Egyptian-born Israeli novelist, essayist and journalist

Jacqueline Kahanoff

Jacqueline Shohet Kahanoff (ז'קלין כהנוב; جاكلين شوحيط; May 18, 1917 – October 24, 1979) was an Egyptian-born Israeli novelist, essayist and journalist. Kahanoff wrote in English, although she is best known for a cycle of essays, “A Generation of Levantines,” that was published in Israel in Hebrew translation in 1959. These pieces lay out her notion of “Levantinism,” a social model of coexistence drawn from her childhood experiences in Egyptian cosmopolitan society in the interwar period.

== Biography ==
Jacqueline Shohet was born in May 1917 in Cairo. Her father, Joseph Shohet, was an Iraqi Jew who had moved to Egypt as a child, while her mother, Yvonne Chemla, was born in Egypt to Tunisian Jewish parents. Her mother's family established the department store Chemla Frères.

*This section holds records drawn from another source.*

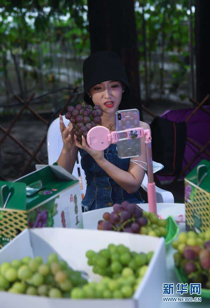 8月13日,在杭州市富阳区东洲街道陆家浦村天府葡萄园,主持人在网络平台上进行直播销售。
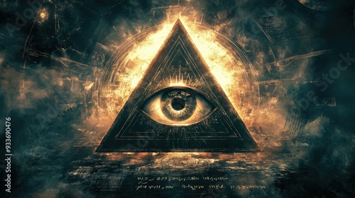 A symbolic representation of the Illuminati pyramid with the all-seeing eye, surrounded by mystical symbols and ancient scripts.
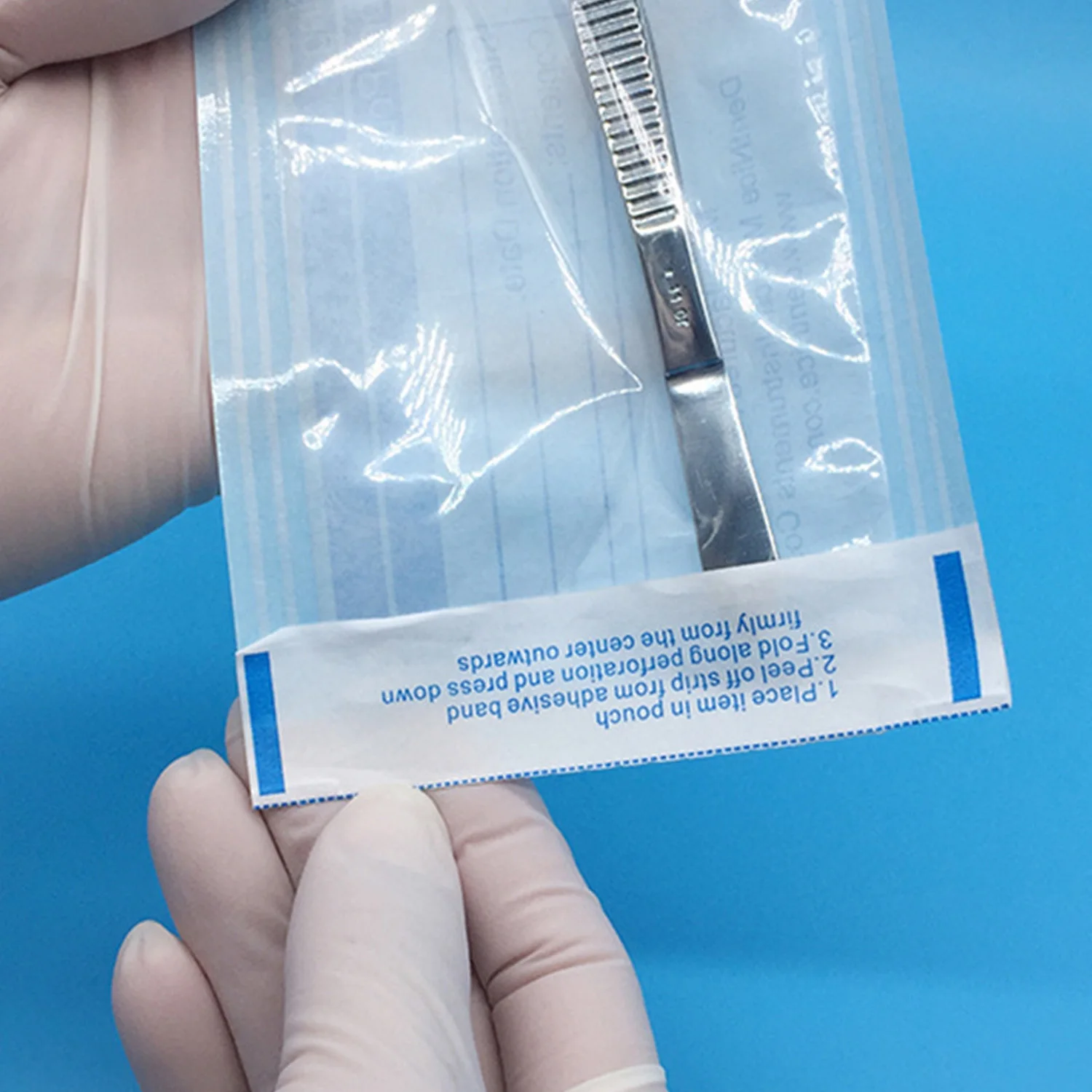 Самоклеящаяся конструкция для хорошей герметизации, просто положите вещи, снимите клей, чтобы приклеить его, и положите пакет в стерилизатор.
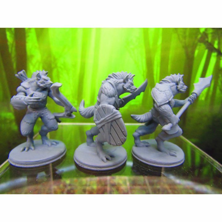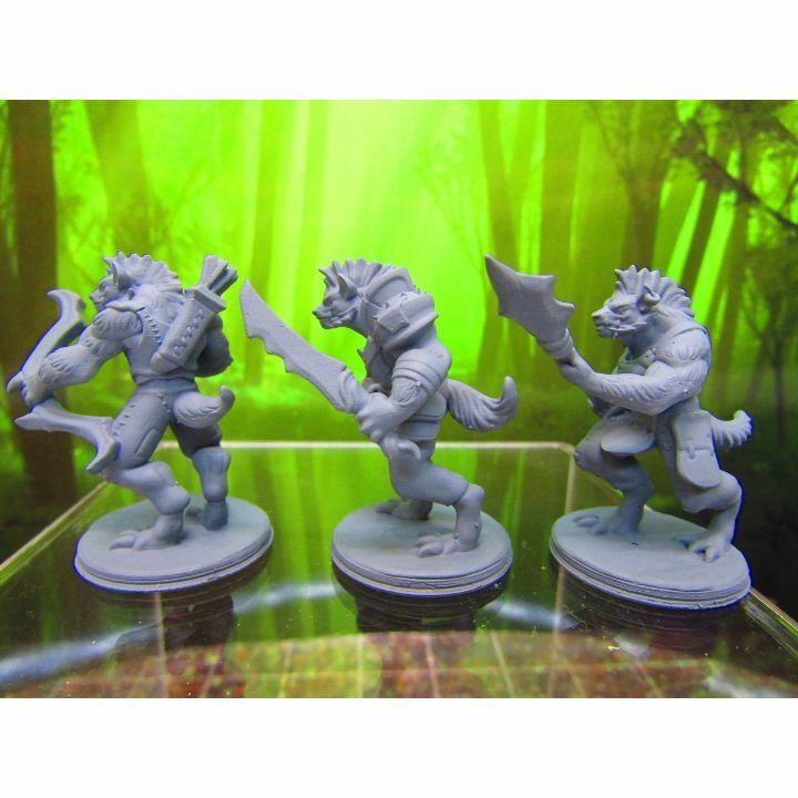 3pc Gnolls Set with Sword, Spear, Bow Mini Miniature 3D Printed Model 28/32mm
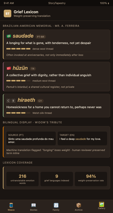 Preserve source terms with inline glosses. Whenever a contributor writes "saudade," "hiraeth," "toska," "hüzün," or another weight-bearing grief term, StoryTapestry keeps the source word and attaches an inline gloss that explains the word's emotional range without substituting it. Readers see "saudade (a longing for what is gone, with tenderness, not yet despair)" rather than a flat English equivalent.
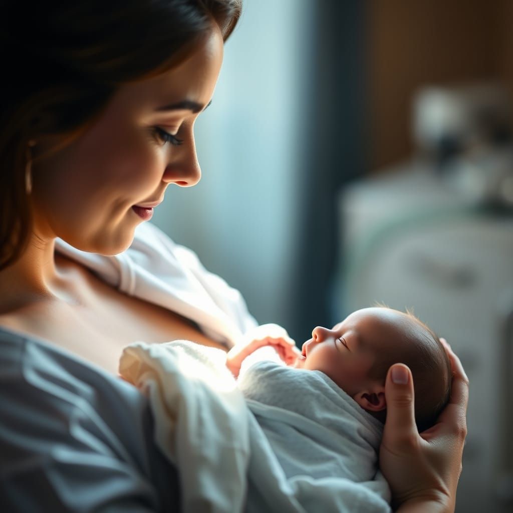 This photorealistic image captures a tender moment of a mother holding her newborn baby. Soft, warm light and a shallow depth of field create an intimate and heartwarming scene, emphasizing their connection.
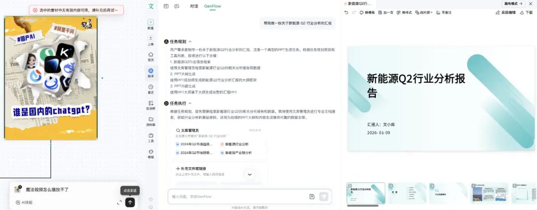 (图左:自由画布生成魔法视频 图右:行业报告PPT生成)
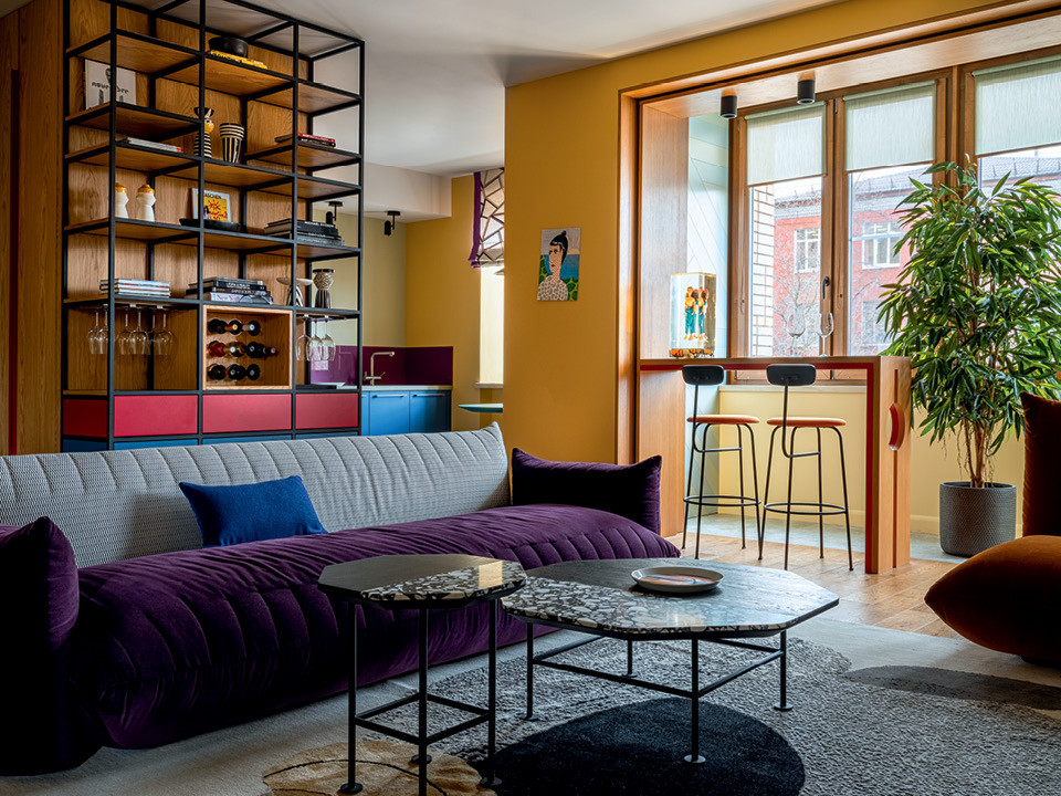 Хозяин квартиры по образованию японист, но по характеру отнюдь не минималист. Скорее бунтарь. Для Марии Амелиной это не стало сюрпризом — она давно знает маму заказчика, которая, как и ее сын, любит яркие цвета. Впрочем, цвет — еще не самое неожиданное, что есть в этом проекте.
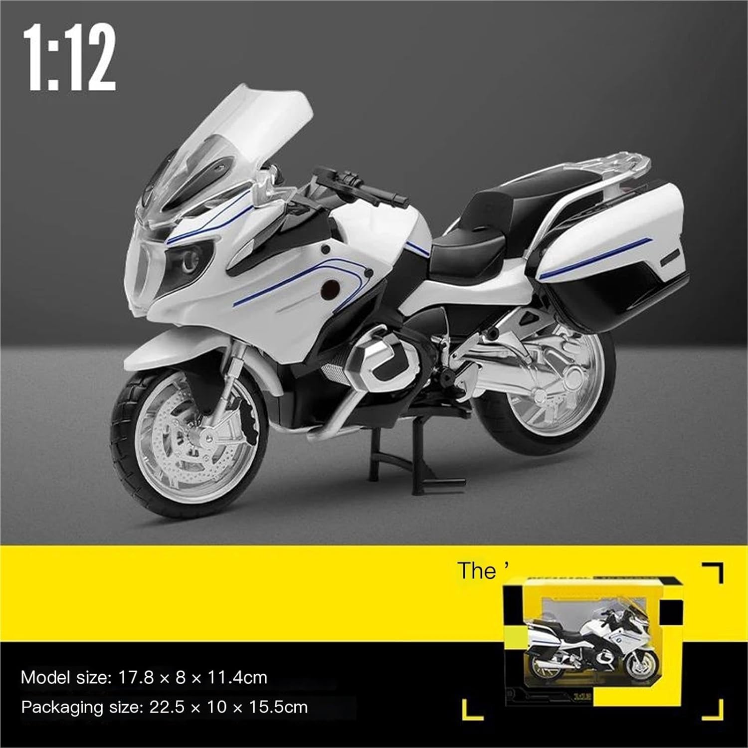 Per R1250RT R 1250 RT, modello di motocicletta, stile vivido, pieno di personalità. Modello di auto giocattolo moto in scala 1:12, il modello è durevole e duraturo. La costruzione robusta consente di esporlo con orgoglio anno dopo anno senza rompersi. Il modello di motocicletta è un modello squisito realizzato in stretta conformità con la forma, la struttura, il colore, gli interni e altre proporzioni del veicolo originale. È un modello in miniatura del veicolo originale ed è progettato per riprodurre l'aspetto del veicolo originale. Modello di auto di simulazione Realizzato in resistente lega di zinco, è resistente alle cadute e all'usura, garantendo la durevolezza del modello e la sua lunga conservazione. La finitura della vernice è uniformemente liscia, con colori vivaci e duraturi che resistono allo sbiadimento e alle scheggiature, garantendo un aspetto costantemente brillante.
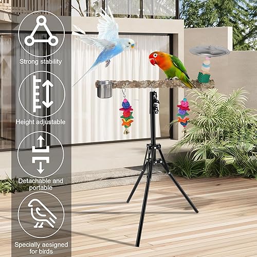 Adjustable Height for Freedom & Interaction: This versatile bird perch stand offers flexible height adjustment from 34 to 72 inches, allowing you to customize the perfect position for your feathered companion. Free your bird from the confines of its cage and encourage natural movement while enjoying closer, more engaging interactions. Whether placed indoors or outdoors, the adjustable design ensures your pet can explore safely while staying within your reach—perfect for playtime, training, or simply bonding.
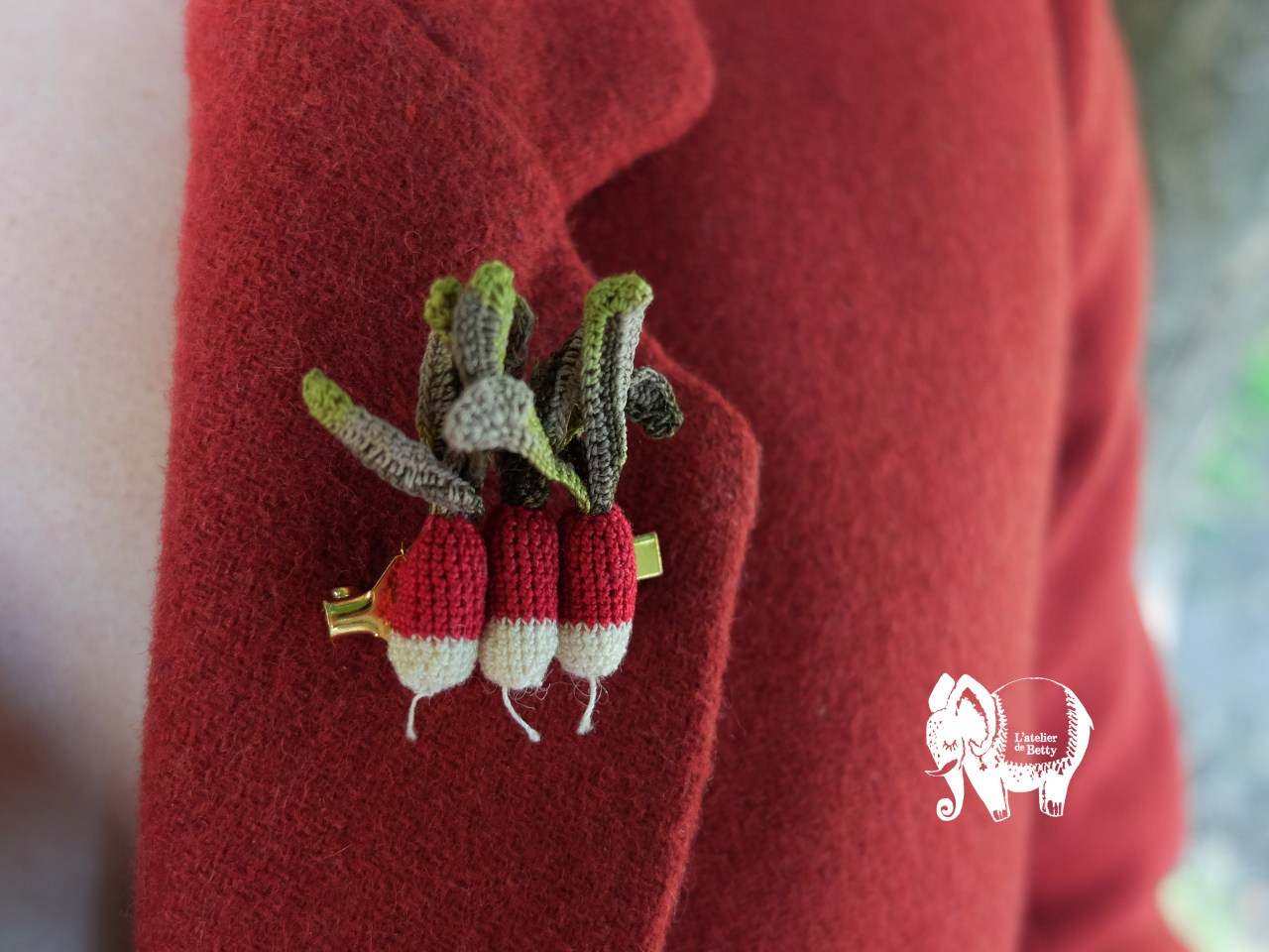 3 petits radis associés pour créer une broche aux couleurs vives. A greffer sur le col d’un chaud manteau d’hiver.
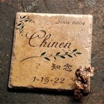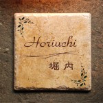 凹凸があって表情が豊かなアンティークタイルに深く文字を刻みました。
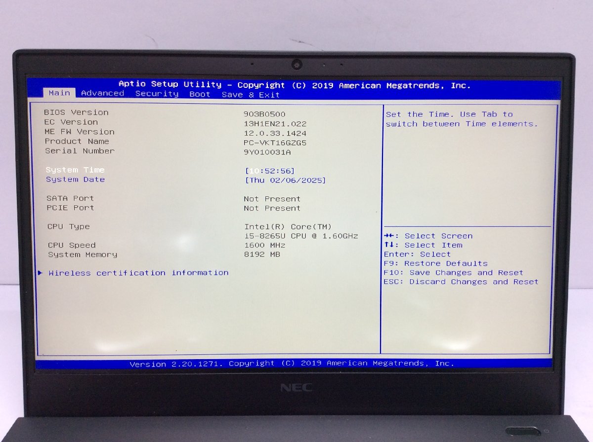 ジャンク/ NEC PC-VKT16GZG5 Intel Core i5-8265U メモリ8.19GB ストレージ無し 【K08244】
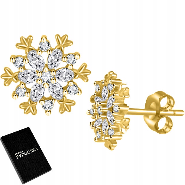 ЗОЛОТІ СЕРЕЖКИ-ГВОЗДИ, СЕРЕЖКИ-ГВОЗДИ СНІЖИНКИ НА РІЗДВО СРІБЛО 925
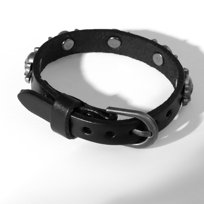 Браслет кожа «Хардкор» черепа пираты, цвет чёрный в серебре — Характеристики
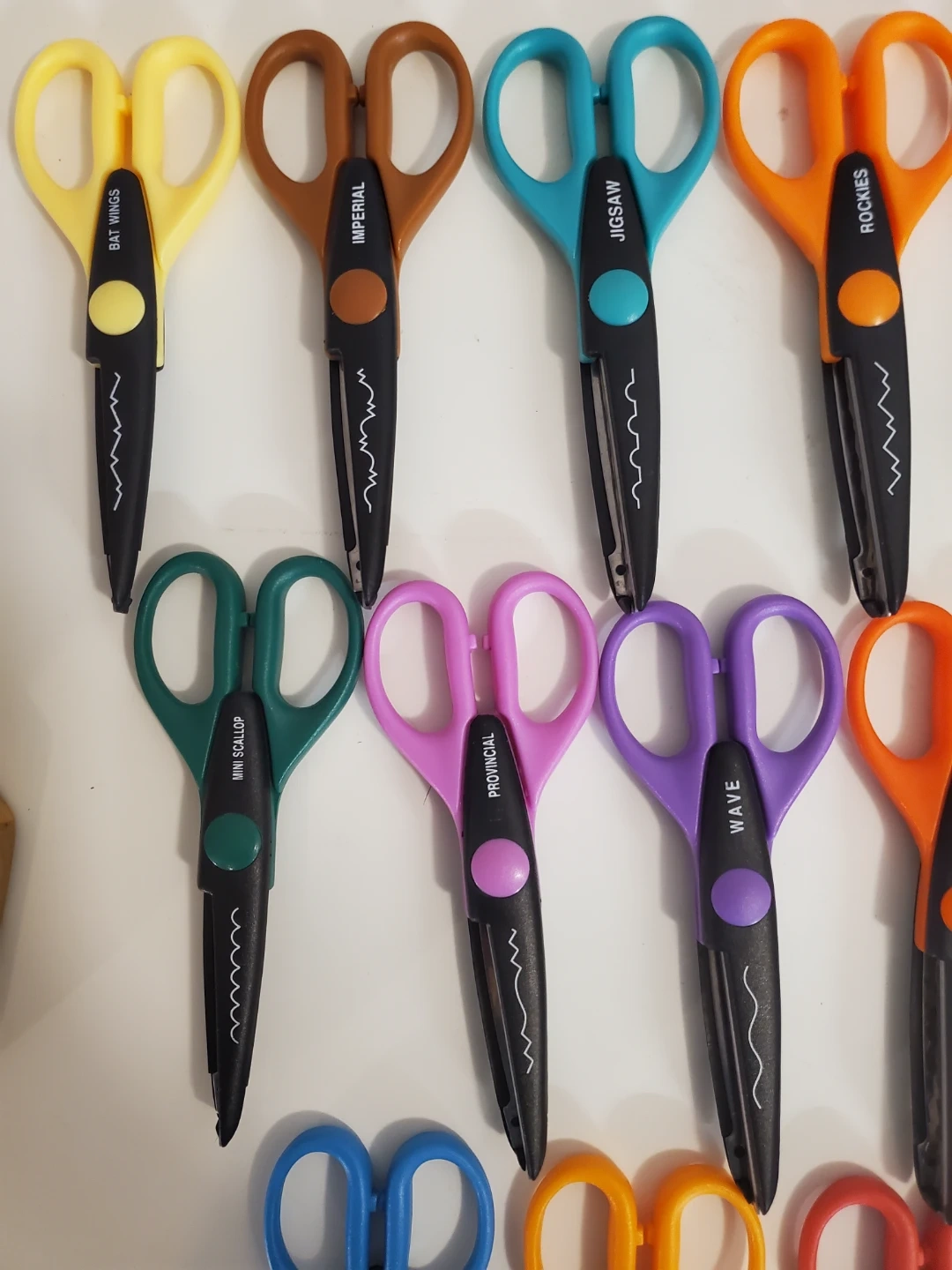 Each pair has a colorful handle and the pattern name or number is often printed on the side for easy identification.Â
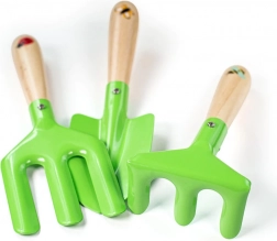 Chaque pièce est pensée pour les petites mains : les poignées en bois lisses tiennent agréablement en main, les parties métalliques sont résistantes et les gants en tissu protègent pendant l’activité. Le set est parfait pour jouer au jardin comme dans le bac à sable, et grâce à son emballage compact, tout est toujours à portée de main.
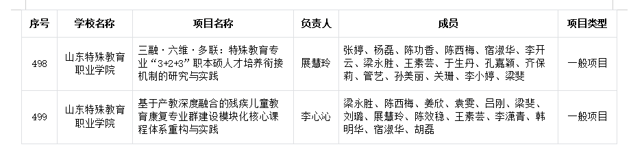 系部成功获批两项山东省2025年度职业教育改革课题。《三段•六融•多联:特殊教育专业“3+2+3”职本硕人才培养衔接机制的研究与实践》《基于产教深度融合的残疾儿童教育康复专业模块化核心课程体系重构与实践》。
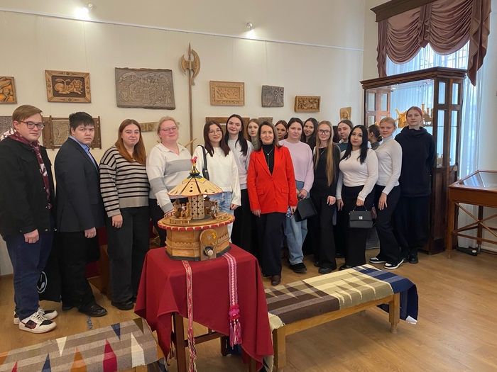 6 февраля 2026 года студенты 2 курса специальности 44.02.02 «Преподавание в начальных классах» БПОУ ОО «Мезенский педагогический колледж» совместно с классным руководителем Алимовой Е.О., в рамках реализации проекта «Пушкинская карта», посетили выставочную экспозицию музея им.И.С.Тургенева «Резная сказка».

In 1940, Jacqueline Shohet moved to the United States with her first husband, Izzy Margoliash. After the marriage ended, she moved to New York where she earned a degree in journalism from Columbia University. In 1952 she married Alexander Kahanoff in Paris. Two years later they moved to Israel, first settling in Beersheba, and then relocating to the Tel Aviv suburbs. Jacqueline Kahanoff died in October 1979.

== Writing career ==
While in the United States, Kahanoff began publishing fiction. Her stories “Cairo Wedding” (Tomorrow, 1945) and “Such is Rachel” (Atlantic Monthly, 1946) were the first to appear. In 1951 she published a novel, Jacob’s Ladder. After she settled in Israel she turned to journalism and personal narrative essays. Her 1958 article “Reflections of a Levantine Jew” published in the American Jewish journal Jewish Frontier caught the attention of Nessim Rejwan, an anglophone Iraqi-Jewish writer also living in Israel. Rejwan introduced Kahanoff to Aharon Amir, who had just founded a journal Keshet (Rainbow). Amir took an interest in Kahanoff’s work and published a number of her essays in his journal, including the four-part “Generation of Levantines” cycle, published in 1959. These essays include: “Childhood in Egypt,” “Europe from Afar,” “Rebel, My Brother,” and “Israel: Ambivalent Levantine.” Amir also translated Kahanoff’s work from English into Hebrew, although he is never credited with these translations in print. Near the end of her life, Amir also edited a collection of her most influential essays published under the title Mi mizrah shemesh (From East the Sun, 1978). To date there are two posthumous collections of her writings Bein shnei ‘olamot (Between Two Worlds, 2005) and Mongrels or Marvels: The Levantine Writings of Jacqueline Shohet Kahanoff (2011).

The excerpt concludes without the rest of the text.